A Reduced Basis Technique for Long-Time Unsteady Turbulent Flows

TL;DR

This paper introduces a novel reduced basis method for long-time simulation of parametrized turbulent flows, incorporating a constrained formulation, an efficient error indicator, and a Greedy algorithm for parameter space coverage.

Contribution

The paper presents a constrained Galerkin formulation, an posteriori error indicator, and a Greedy algorithm for efficient reduced basis construction in turbulent flow simulations.

Findings

Effective reduced basis for long-time turbulent flow simulation

Error indicator correlates with mean flow prediction accuracy

Method demonstrates strong performance on lid-driven cavity flow

Abstract

We present a reduced basis technique for long-time integration of parametrized incompressible turbulent flows. The new contributions are threefold. First, we propose a constrained Galerkin formulation that corrects the standard Galerkin statement by incorporating prior information about the long-time attractor. For explicit and semi-implicit time discretizations, our statement reads as a constrained quadratic programming problem where the objective function is the Euclidean norm of the error in the reduced Galerkin (algebraic) formulation, while the constraints correspond to bounds for the maximum and minimum value of the coefficients of the $N$-term expansion.
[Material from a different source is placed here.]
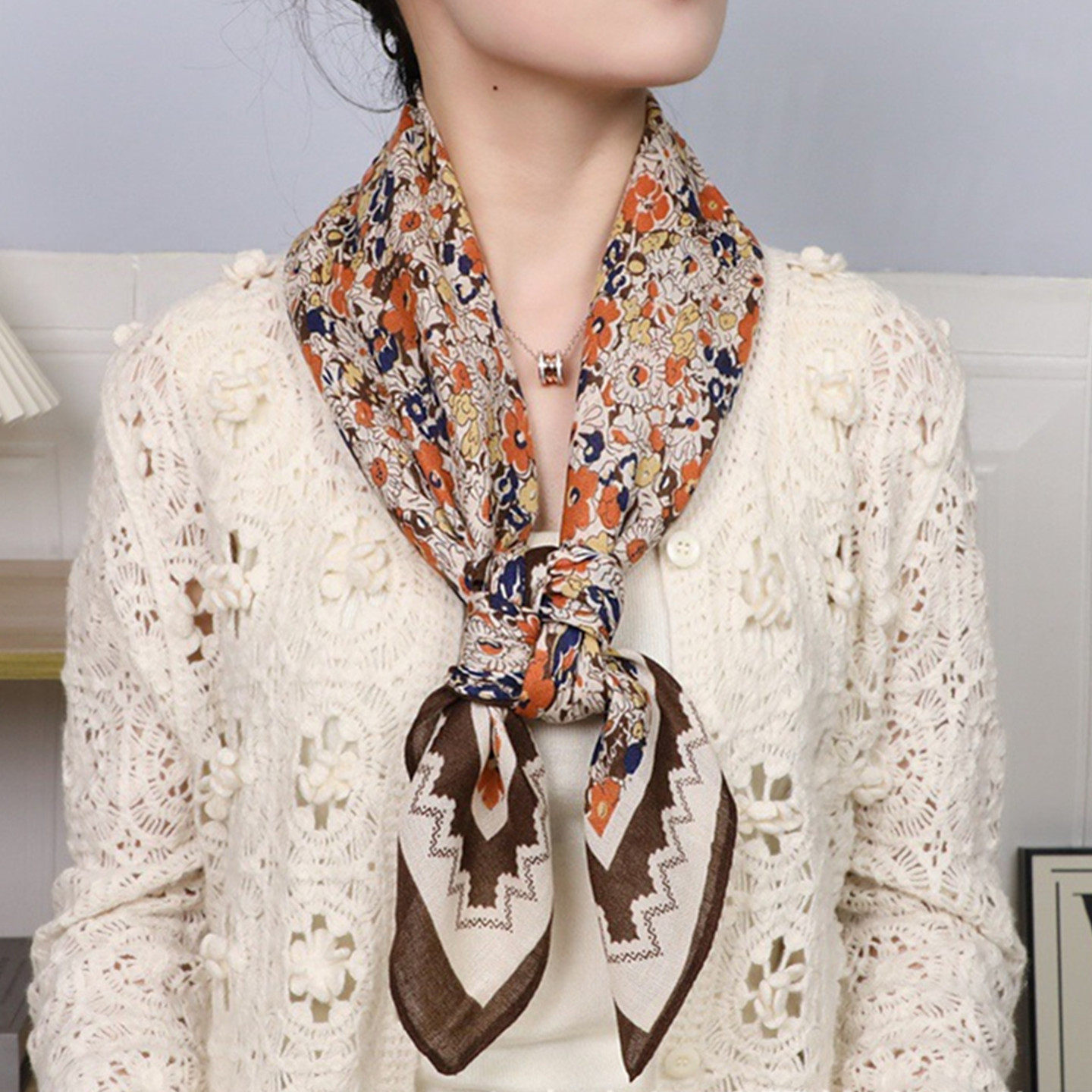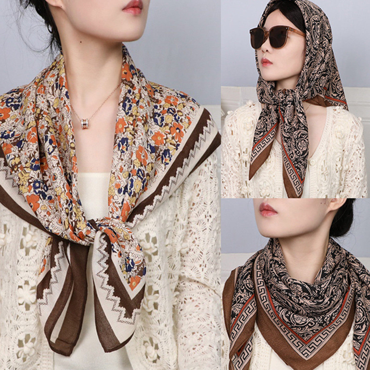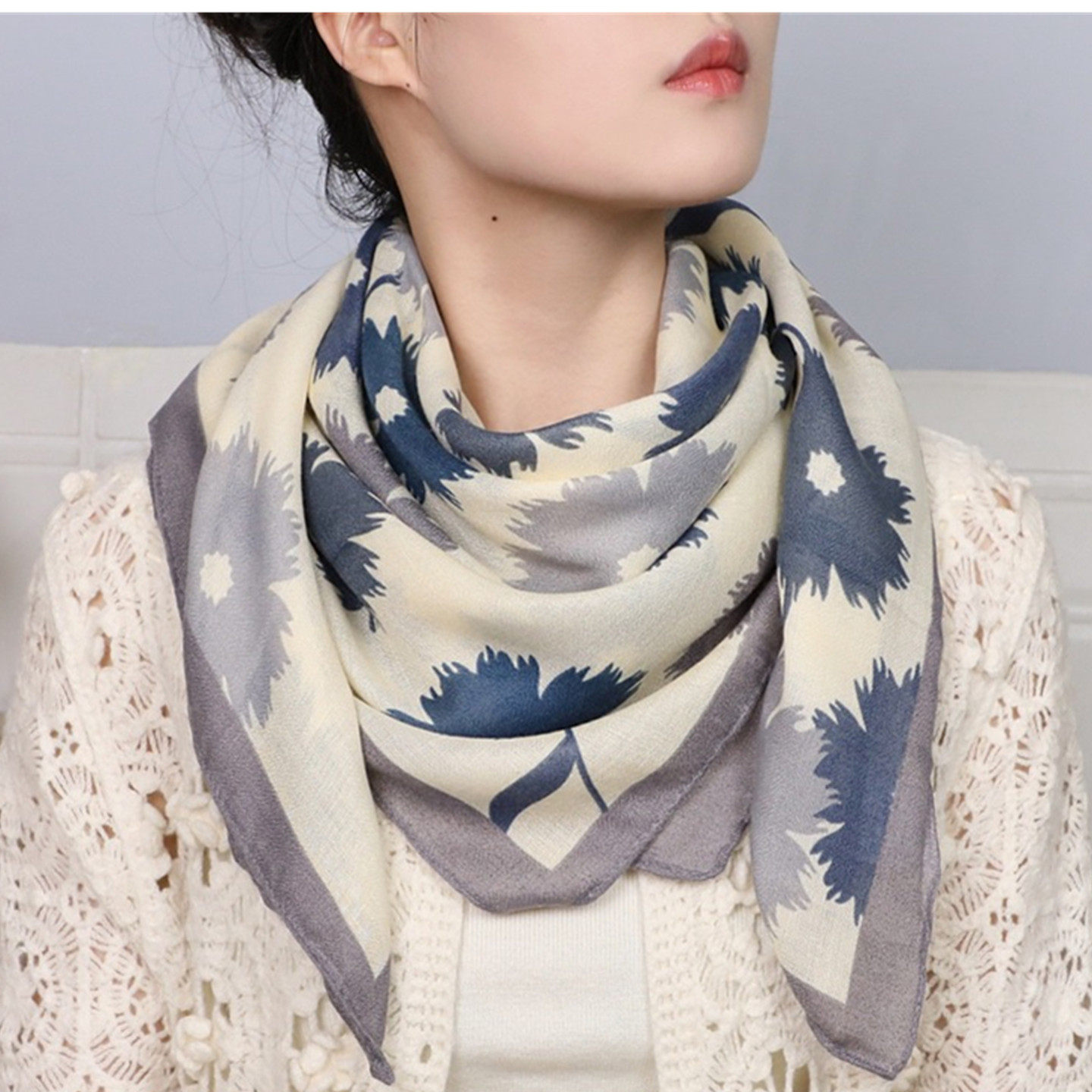 90x90方巾丝巾女2025新款 洋气保暖围脖 秋冬棉麻百搭披肩女士时尚

Second, we propose an \emph{a posteriori} error indicator, which corresponds to the dual norm of the residual associated with the time-averaged momentum equation. We demonstrate that the error indicator is highly-correlated with the error in mean flow prediction, and can be efficiently computed through an offline/online strategy. Third, we propose a Greedy algorithm for the construction of an approximation space/procedure valid over a range of parameters; the Greedy is informed by the \emph{a posteriori} error indicator developed in this paper. We illustrate our approach and we demonstrate its effectiveness by studying the dependence of a two-dimensional turbulent lid-driven cavity flow on the Reynolds number.